**Supplied entries**
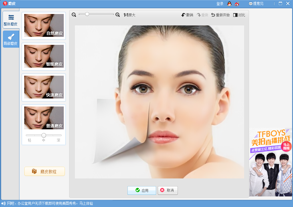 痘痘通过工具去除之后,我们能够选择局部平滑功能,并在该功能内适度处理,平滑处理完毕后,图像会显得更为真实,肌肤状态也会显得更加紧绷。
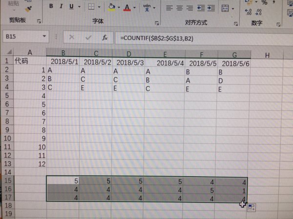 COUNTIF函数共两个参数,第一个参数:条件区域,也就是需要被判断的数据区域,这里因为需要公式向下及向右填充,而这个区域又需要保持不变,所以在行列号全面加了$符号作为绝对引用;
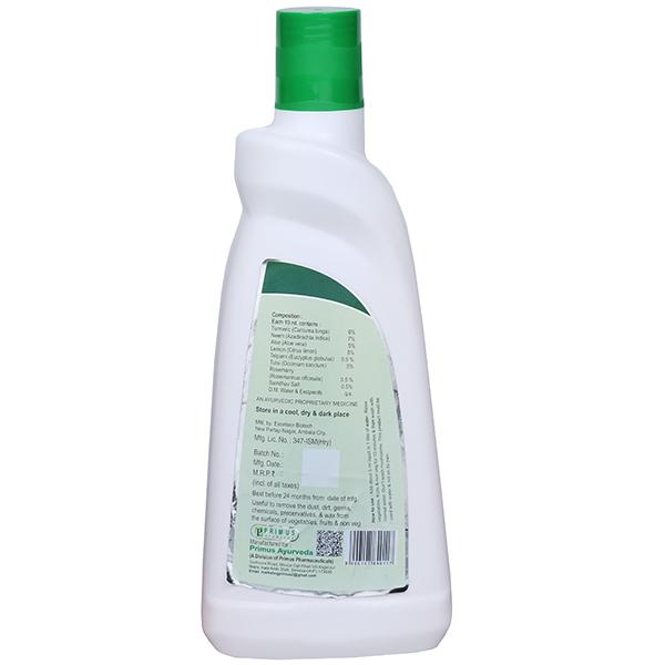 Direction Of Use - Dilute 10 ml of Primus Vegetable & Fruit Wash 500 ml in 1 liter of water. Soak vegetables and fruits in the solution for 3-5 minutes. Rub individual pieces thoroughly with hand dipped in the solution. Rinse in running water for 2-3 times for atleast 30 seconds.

...

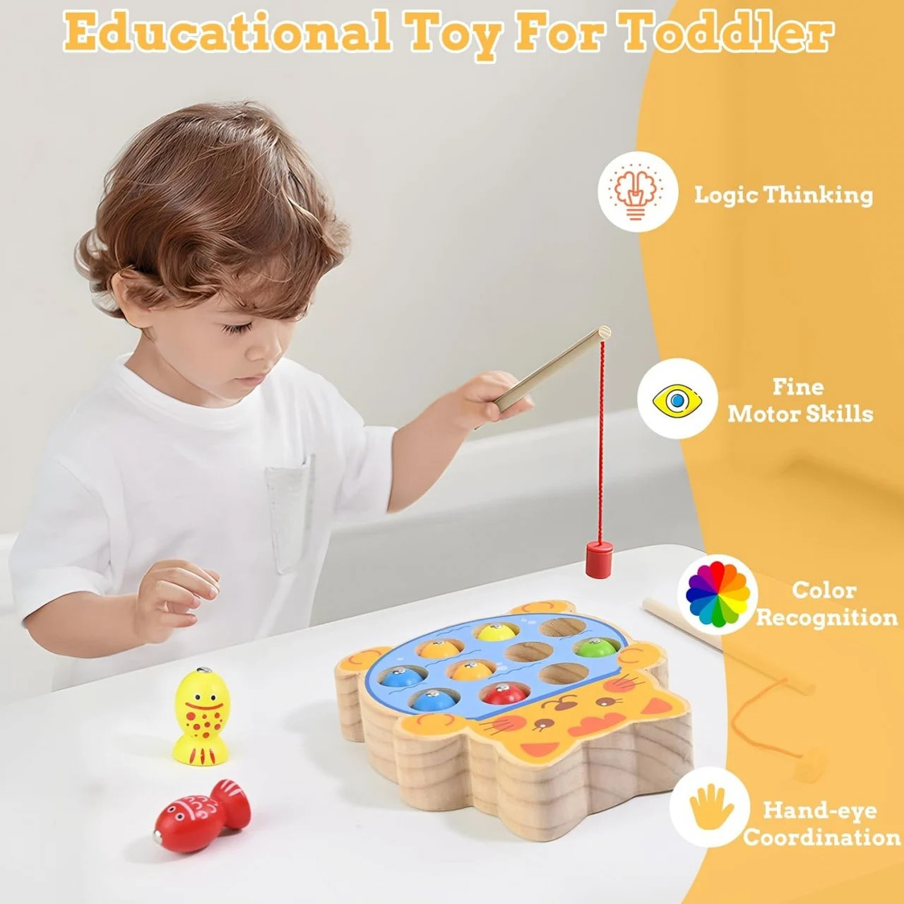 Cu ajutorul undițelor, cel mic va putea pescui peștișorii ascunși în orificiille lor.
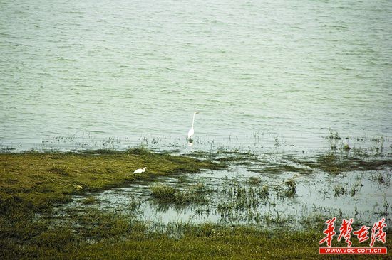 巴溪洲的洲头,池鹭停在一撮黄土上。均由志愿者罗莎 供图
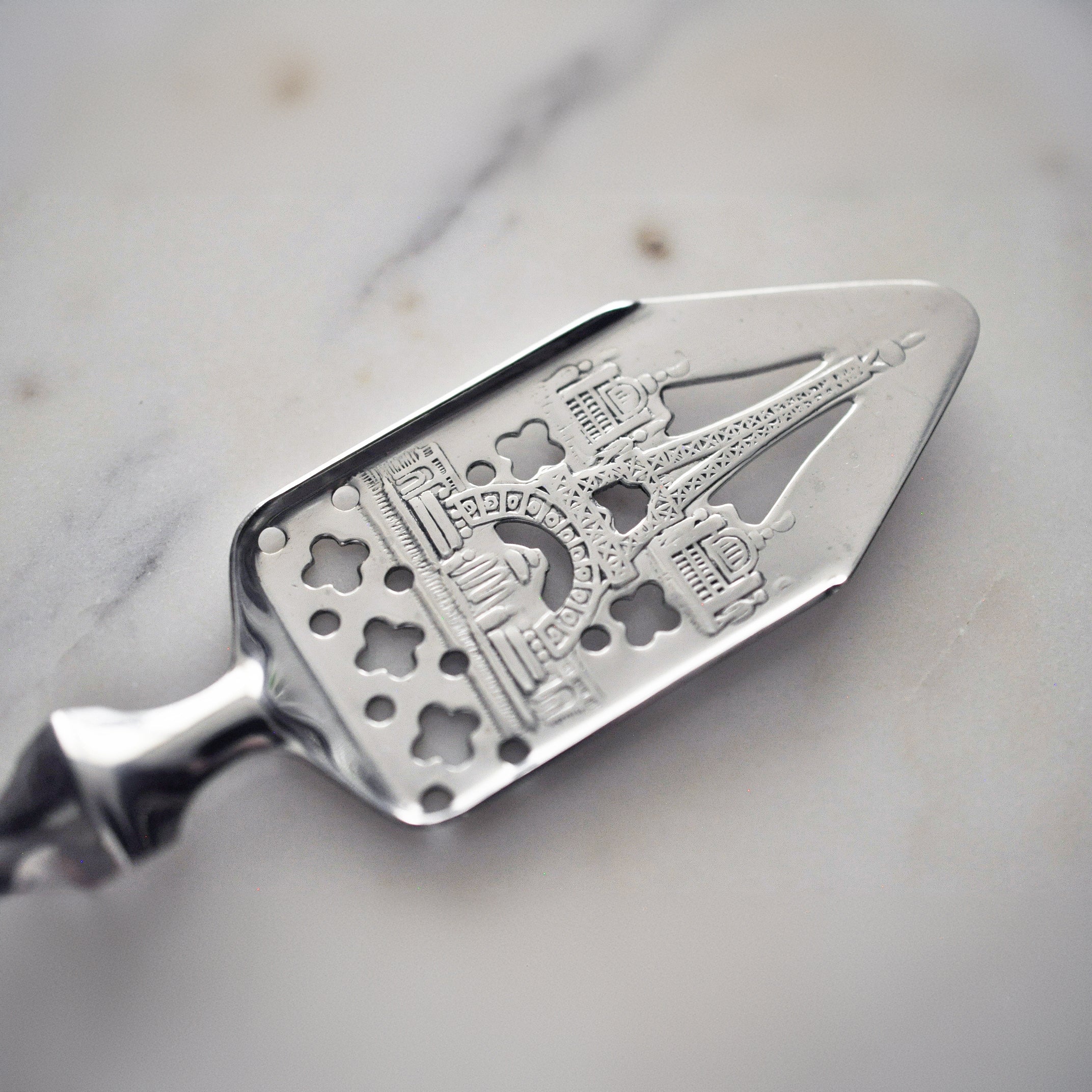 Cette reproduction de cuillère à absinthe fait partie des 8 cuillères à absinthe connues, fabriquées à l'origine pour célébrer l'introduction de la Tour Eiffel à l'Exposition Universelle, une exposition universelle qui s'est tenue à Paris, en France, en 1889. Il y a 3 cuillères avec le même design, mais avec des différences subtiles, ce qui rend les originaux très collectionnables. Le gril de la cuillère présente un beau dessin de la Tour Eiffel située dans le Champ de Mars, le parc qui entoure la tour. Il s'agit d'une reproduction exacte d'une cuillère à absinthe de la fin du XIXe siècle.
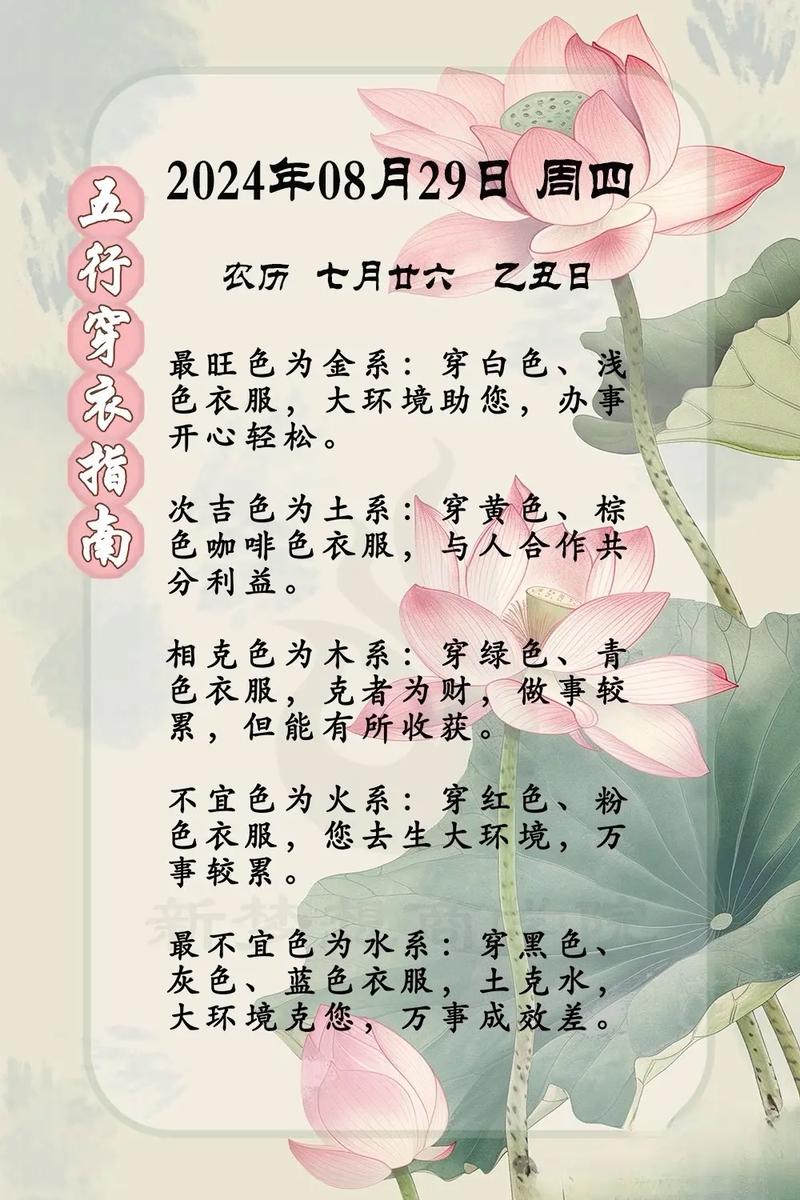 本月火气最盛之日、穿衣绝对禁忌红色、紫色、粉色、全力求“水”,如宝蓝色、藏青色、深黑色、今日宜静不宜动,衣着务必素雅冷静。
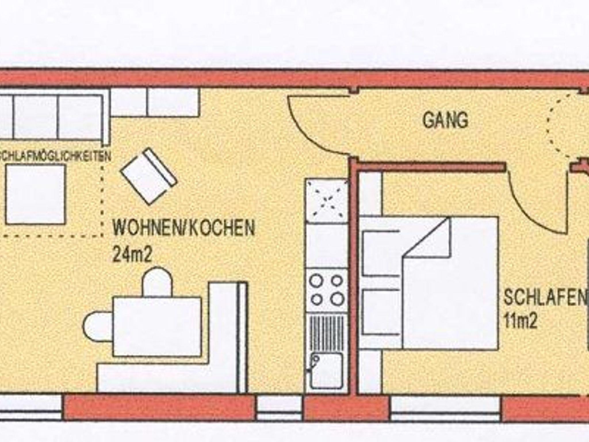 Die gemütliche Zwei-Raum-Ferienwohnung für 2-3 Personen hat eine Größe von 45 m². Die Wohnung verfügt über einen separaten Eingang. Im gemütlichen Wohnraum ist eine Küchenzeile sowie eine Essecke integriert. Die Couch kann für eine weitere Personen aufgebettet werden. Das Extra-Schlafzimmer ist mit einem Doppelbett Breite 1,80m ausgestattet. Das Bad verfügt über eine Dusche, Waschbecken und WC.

**What you will do**
Starting at the line with "Cu ajutorul undițelor, cel" in the entries above, write out every line exactly until the line with "Cette reproduction de" has been written. Include no pictures and nothing more.

**Answer section**
 Cu ajutorul undițelor, cel mic va putea pescui peștișorii ascunși în orificiille lor.
 巴溪洲的洲头,池鹭停在一撮黄土上。均由志愿者罗莎 供图
 Cette reproduction de cuillère à absinthe fait partie des 8 cuillères à absinthe connues, fabriquées à l'origine pour célébrer l'introduction de la Tour Eiffel à l'Exposition Universelle, une exposition universelle qui s'est tenue à Paris, en France, en 1889. Il y a 3 cuillères avec le même design, mais avec des différences subtiles, ce qui rend les originaux très collectionnables. Le gril de la cuillère présente un beau dessin de la Tour Eiffel située dans le Champ de Mars, le parc qui entoure la tour. Il s'agit d'une reproduction exacte d'une cuillère à absinthe de la fin du XIXe siècle.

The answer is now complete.